The strong beneficial effect of circumcision, however, may be confounded by other factors. Most of the circumcised men in the study were Muslim, so researchers need to find out whether other practices of Muslims are significant factors.

At the moment, most experts agree it is premature to recommend mass circumcision in high-risk populations, though plenty of editorials in the literature have called for just that.

For every pro-circumcision argument, there is a counterview. For instance, another of the advantages of circumcision is that it reduces to almost nil the chance of developing cancer of the penis, though Dr.
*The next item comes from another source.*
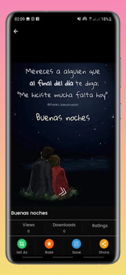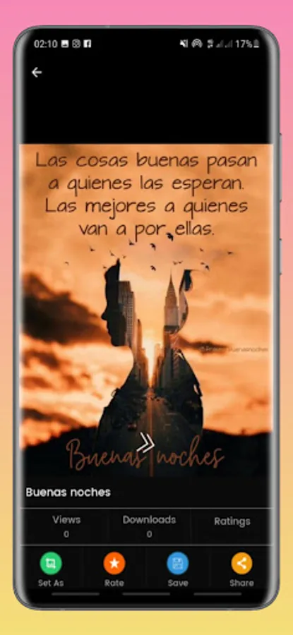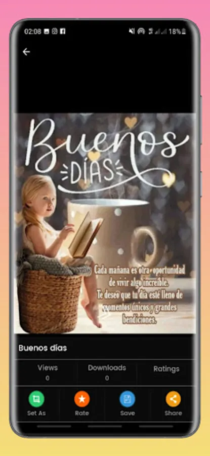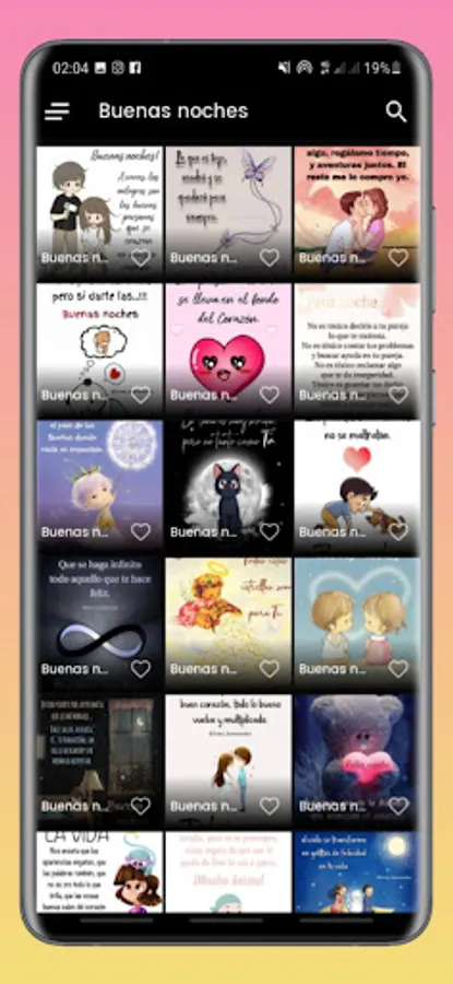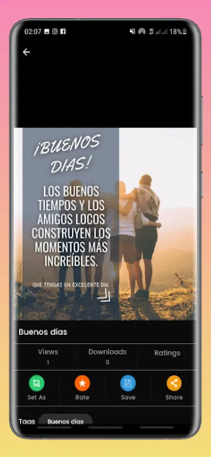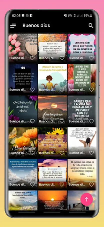 This application contains a gallery of selected images that everyone will undoubtedly like. "GOOD MORNING, AFTERNOON AND NIGHT" offers you a collection of phrases with beautiful cards or postcards that you can share daily at any time, divided into different categories: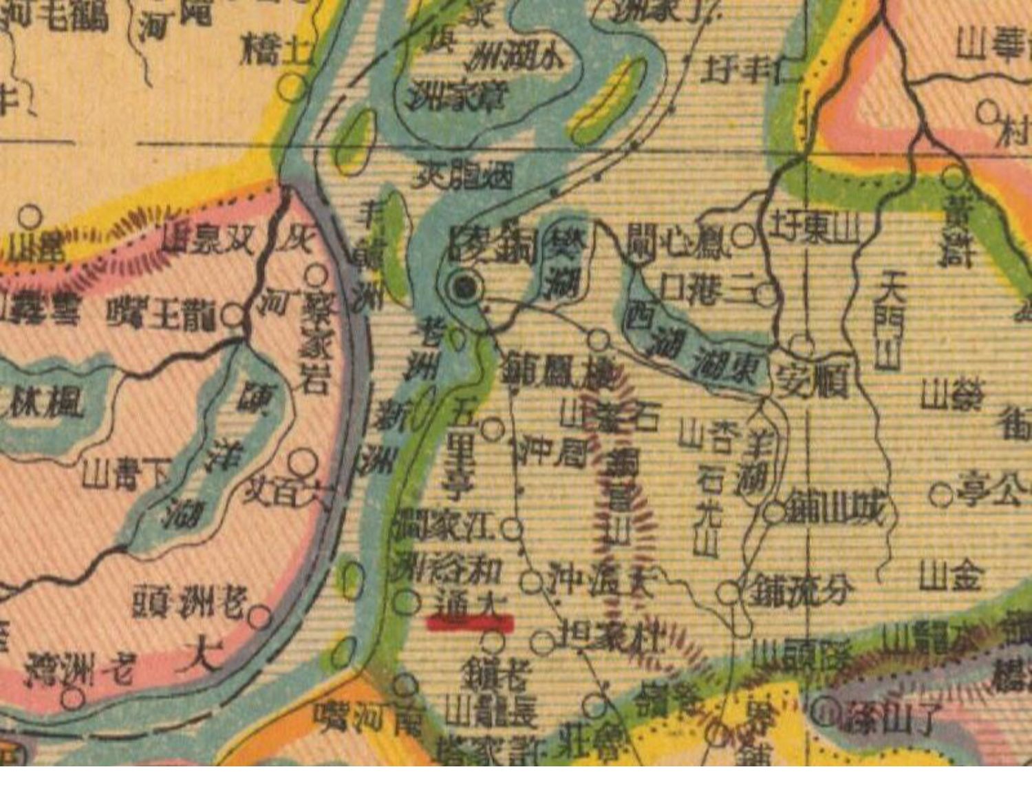 此《安徽明细地图》应该为1927出版(待确认,有可能为1934-1938年),武昌亚新地学社印行。该图比例尺1∶90万,为多色彩图。采用格林威治天文台为首子午线起算之经纬坐标控制网,经度为东经116度~119度,纬度为北纬29度~34度。

Jesin admitted this cancer is very rare. Besides, said Dennis Harrison, an anti-circumcision activist in Vancouver, "There are medical benefits to removing almost any part of the body. Cut off a toe and you don't get nail fungus."

A third advantage to circumcision is a reduction in urinary tract infections in babies. A study published in the April 2000 edition of Pediatrics concluded that newborn circumcision results in a nine-fold decrease in the incidence of UTIs in a baby's first year and that circumcision is "a valuable preventive health measure, particularly in the first three months of life." However, said Dr. Taylor, it is short- sighted for parents to make a decision on that basis. "It is important in circumcision decisions to think well ahead, say, 20 years," he argued.

Here in Canada, circumcision has been ruled not medically justified. A position statement on circumcision, released in 1996 by the Canadian Pediatric Society and reaffirmed this year, recommended that circumcision of newborns should not be routinely performed. "The overall evidence of the benefits and harms of circumcision is so evenly balanced that it does not support recommending circumcision as a routine procedure for newborns."

Dr. Munk called circumcision "cosmetic surgery" because it is often done so boys can look like their fathers, and it is almost always privately paid for. (Manitoba is the only province where the procedure is covered under provincial insurance.)

Circumcision is also an ethical and legal hot potato. "People have a fundamental human right not to have pain intentionally inflicted on them," writes Margaret Somerville in her new book, The Ethical Canary. Dr. Somerville, a lawyer and ethicist at McGill University, is well-known for her anti-circumcision views. Legally, she explained, there may be a way to prohibit infant male circumcision while respecting religious reasons for doing it.

If Dr. Taylor has his say, doctors giving advice to parents who sit on the fence will start with the premise that the foreskin is a valuable part of their son's body. "In the equation, the value of the actual foreskin is often put at zero," he said. "Put a value on it. It is a structure in its own right."